A place to share alternatives to popular online services that can be self-hosted without giving up privacy or locking you into a service you don’t control.
Rules:
Be civil: we’re here to support and learn from one another. Insults won’t be tolerated. Flame wars are frowned upon.
No spam posting.
Posts have to be centered around self-hosting. There are other communities for discussing hardware or home computing. If it’s not obvious why your post topic revolves around selfhosting, please include details to make it clear.
Don’t duplicate the full text of your blog or github here. Just post the link for folks to click.
Submission headline should match the article title (don’t cherry-pick information from the title to fit your agenda).
No trolling.
Resources:
Any issues on the community? Report it using the report flag.
Questions? DM the mods!
That’s an Ubuntu thing. They prefer you use apt to install deps, but you don’t absolutely need to. The PROPER way to work around this is starting a localized python virtual environment for your project directory. That is essentially sandboxing a python environment that only installs dependencies into the project directory and doesn’t alter your system globally.

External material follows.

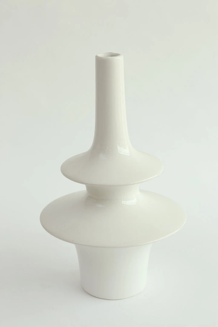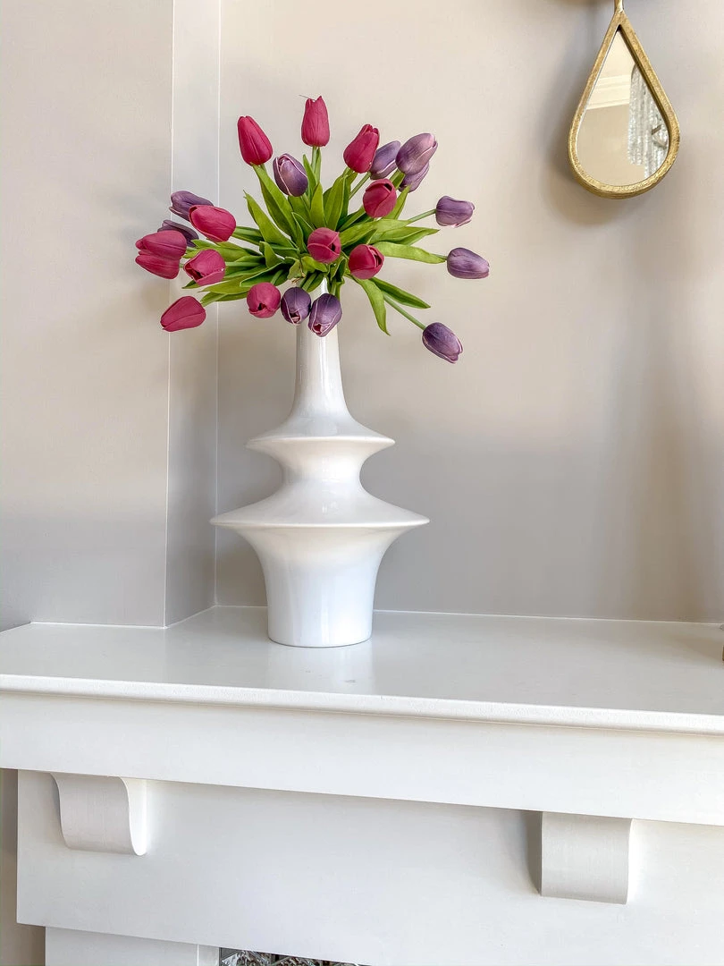 This abstract vase has a very cool and interesting shape that we love! Style it with your favorite faux floral for a lovely look.

Lots of instructions on the steps to do this out there that should get you going in just a few minutes.
OK thanks. I will look into that. The fact that they are installed in a “sandbox”… will that prevent them from being accessible to the decluttarr script?
This happens inside whatever directory you have Decluttar in, and then the local venv runs decluttar
I don’t understand a bit of this, but I got everything installed and running. Seems I have to ‘activate’ the venv and run the script from within it. Not sure how this works with the script auto running itself periodically, but I guess I will find out! Thanks for pointing me in the right direction.

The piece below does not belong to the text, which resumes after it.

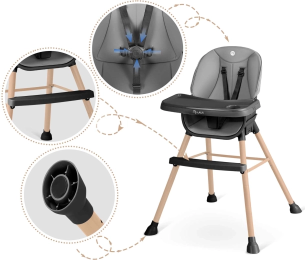 Des pieds stables avec patins antidérapants, un repose‑pieds solide et un harnais fiable à 5 points maintiennent l’enfant en sécurité et à l’aise pendant les repas et les jeux.

https://stackoverflow.com/questions/3287038/cron-and-virtualenv
I haven’t looked at the particulars of this applications, but if you path the python binary you use to run the application, it should use the environment that’s with it, without being activated. Activate just prepends the path for that venv to every command you give from then on when you’re working in a shell. And as noted in there, make sure you specify /bin/bash as your shell in cronjobs since it uses sh by default so you might run into issues in that context.
A virtual environment is just a copy of the python and pip binaries. When you activate the venv, the venv dirs temporarily get added to your path, so your regular python alias points to the binary in the venv (run
which python
with venv active to verify). Pip will install modules to a subdir of your venv. It basically works like npm and the node_modules dir.On second read, maybe you already knew that.